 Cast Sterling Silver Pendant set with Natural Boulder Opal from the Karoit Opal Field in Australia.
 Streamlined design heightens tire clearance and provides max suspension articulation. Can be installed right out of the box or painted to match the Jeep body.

=======

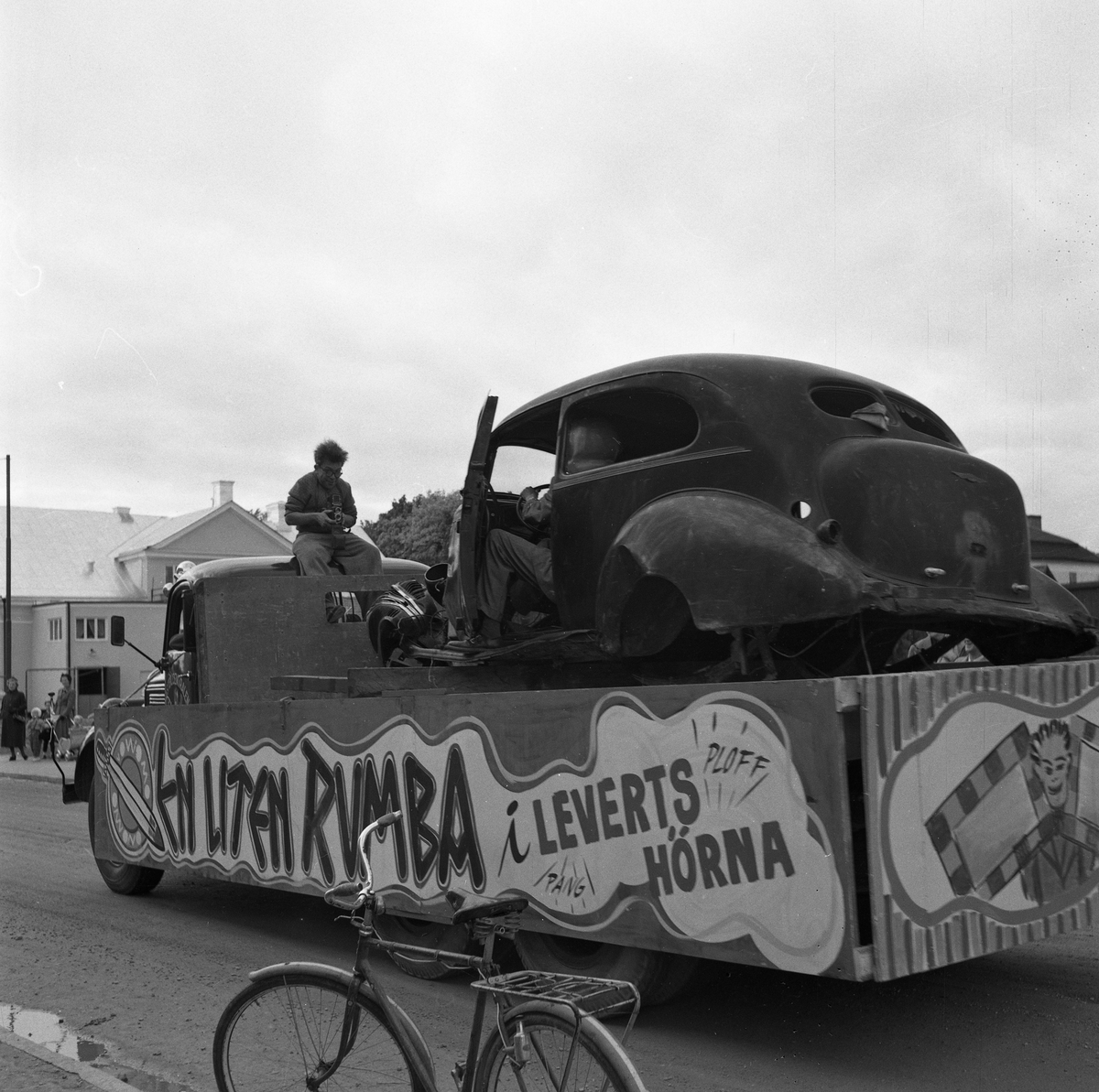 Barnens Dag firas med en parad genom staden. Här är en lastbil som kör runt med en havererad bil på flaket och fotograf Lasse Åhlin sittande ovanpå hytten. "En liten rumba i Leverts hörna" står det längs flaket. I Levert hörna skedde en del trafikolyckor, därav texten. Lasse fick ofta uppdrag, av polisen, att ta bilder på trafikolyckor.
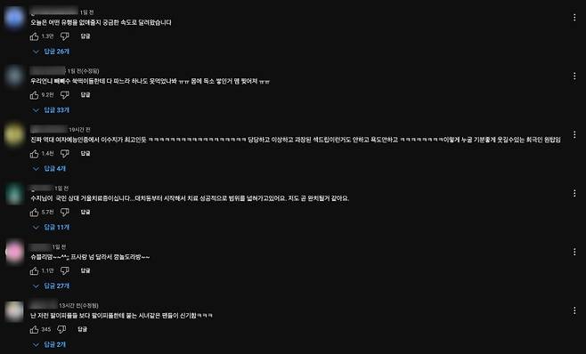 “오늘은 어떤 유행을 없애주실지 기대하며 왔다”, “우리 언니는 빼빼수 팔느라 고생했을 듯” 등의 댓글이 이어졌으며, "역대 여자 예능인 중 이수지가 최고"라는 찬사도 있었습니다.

=======

- Your objective
Among the records above, repeat exactly the line with "Cast Sterling Silver", the line with "Streamlined design heightens", and every line in between, and only those.

- Answer to this exercise
 Cast Sterling Silver Pendant set with Natural Boulder Opal from the Karoit Opal Field in Australia.
 Streamlined design heightens tire clearance and provides max suspension articulation. Can be installed right out of the box or painted to match the Jeep body.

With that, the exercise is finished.